Vaksin DBD dapat diberikan dua kali dengan interval 2 bulan. Seperti vaksin lainnya, vaksin ini juga hanya diberikan kepada orang dengan kondisi sehat.
“Yang namanya vaksin ya harus diberikan kepada orang sehat. Sehat itu tidak demam, tidak sesak napas, kalau punya asma terus sedang sesak napas ya jangan (divaksinasi) tunggu membaik dulu,” kata Sri.
Efektivitas vaksinnya pun cukup bagus sekitar 70 persen dan yang paling penting dapat mencegah kasus rawat inap sebanyak 80 persen dan kematian 90 persen.
“Kalaupun kena, gejalanya ringan. Jadi memang vaksin tidak bisa 100 persen. Tapi setelah 4,5 tahun pemberian masih bagus jadi kita tunggu saja.”
Meski begitu, penggunaan vaksin bukan segalanya. Tetap harus dibarengi dengan strategi pencegahan lainnya.
Advertisement
Boleh Diberikan kepada Penyintas?
Vaksin Dengue ini juga masih diperlukan oleh penyintas DBD. Pasalnya, ada empat serotipe yang berbeda.
Pada kasus pertama, seseorang bisa saja terkena penyakit dengan serotipe Dengue 1, sehingga vaksin DBD tetap diperlukan untuk perlindungan terhadap serotipe Dengue 2, 3, dan 4.
“Bisa saja sekarang kenanya Dengue 1, kapan-kapan bisa saja kena Dengue 2, 3, atau 4 berarti masih perlu (vaksin). Jadi walaupun dia penyintas, kita masih tetap bisa berikan. Tapi dikasih jarak, tunggu sembuh dulu, minimal sih satu bulan.”
Sri menggarisbawahi, antibodi dari vaksin untuk semua penyakit infeksi memang tidak langgeng.
“Dulu kita katakan kalau campak itu langgeng sampai tua (antibodinya), ternyata enggak juga. Ada juga orang tua yang kena campak padahal waktu kecilnya dapat vaksin, makanya kita perlu ulang waktu remaja,” katanya.
Kasus DBD di Indonesia
Kasus DBD sendiri pertama kali dilaporkan di Indonesia pada 1968, dengan kasus pertama ada di Surabaya. Sejak pertama kali ditemukan, kasus ini terus menunjukkan peningkatan setiap tahun.
Pada 17 Juni 2022, kasus DBD di Indonesia tembus 45 ribu dengan kematian 432 jiwa.
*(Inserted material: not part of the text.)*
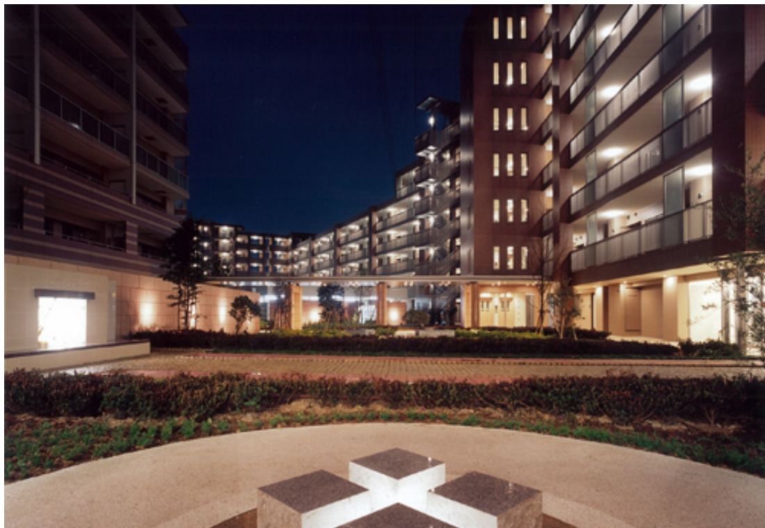
[CREST GRANDIO YOKOHAMA]

Selang sekitar satu bulan, yakni pada 9 Juli 2022, kasusnya tembus 52 ribu dengan kematian sebanyak 448 orang.
“Apa artinya? Ini enggak boleh didiamkan, jadi ini benar-benar satu bukti bahwa dengue ini satu penyakit yang progresif, bisa naik turun naik turun," kata Sri.
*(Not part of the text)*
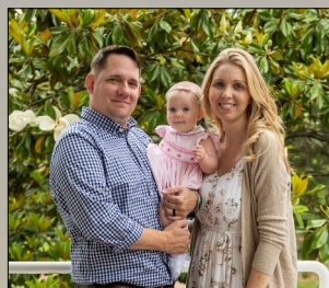
A few of the families recognized on Infant Recognition Sunday

Ia pun menyampaikan data DBD pada tahun sebelumnya. Berdasarkan data Kementerian Kesehatan, pada 2021 terdapat 73.518 kasus DBD dengan jumlah kematian sebanyak 705 kasus.
Pada tahun yang sama, Provinsi Kepulauan Riau memiliki Incidence Rate (IR/angka kesakitan) DBD tertinggi sebesar 80,9 per 100.000 penduduk. Diikuti oleh Kalimantan Timur dan Bali masing-masing sebesar 78,1 dan 59,8 per 100.000 penduduk.
Secara Nasional IR DBD 2021 sebesar 27 per 100.000 penduduk, angka ini masih lebih rendah dibandingkan dengan target nasional sebesar ≤ 49 per 100.000 penduduk.